As I hinted at earlier, this movie surprised me in that I didn’t want to try any of Gray’s stunts on myself during or after the film. I attribute this to several factors, the biggest of which is that Judd Apatow, Sacha Baron Cohen, nor either of the Farrelly brothers had anything to do with this film. The second is that Jim Carrey’s role was fairly limited, but he was allowed to tap back into a mix of Fire Marshall Bill, Lloyd Christmas, and Ace Ventura to create a character that was just the right mix of normal and insane. The third was the supporting role given to the outrageously gorgeous Olivia Wilde, playing the aspiring magician/assistant, Jane, who acts as conscience, guide, and wake-up call throughout Burt’s plummet and redemption. The next was the inclusion of Alan Arkin as the legendary and retired magician, Rance Holloway. I truly believe that this movie was better simply due to Arkin’s presence and the rest of the cast putting in extra effort so as not disappoint a true comedic legend. The final, and maybe the most important, was giving Buscemi an actual important role rather than his typical role as Adam Sandler’s play toy. For those of you who have forgotten Con Air, Reservoir Dogs, and Armageddon, when given a chance, Buscemi can be a comedic genius and deliver lines with the best of them.
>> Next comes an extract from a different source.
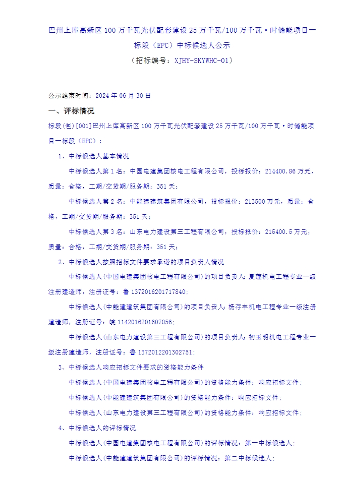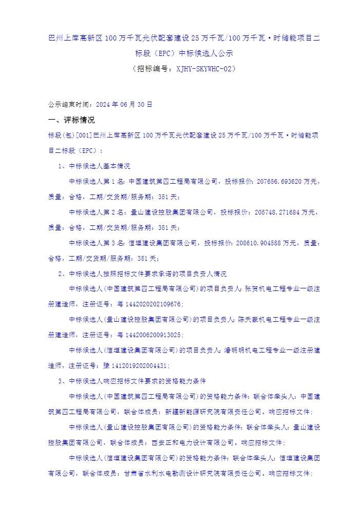 据电力家了解到,6月27日,巴州上库高新区100万千瓦光伏配套建设25万千瓦/100万千瓦·时储能项目EPC中标候选人公示。

What I most thankful for in this movie is that it never stoops to cheap gags (well, maybe a couple, but not too cheap as to be Will Ferrell-ish), the story stays on the path of Burt’s fall from grace rather than be distracted by the smaller sub-plots, and the director (Don Scardino) never lets Carell or Carrey’s characters become overt caricatures of what they were intended to caricaturize. While I wouldn’t say this film is Carell’s Holy Grail or his Dumb and Dumber, it beats watching the umpteenth film where he is the sad, downtrodden, loser continually sucker-punched by life.

Rating: Ask for two dollars back. I know – I’m as surprised as you. Maybe magic does exist.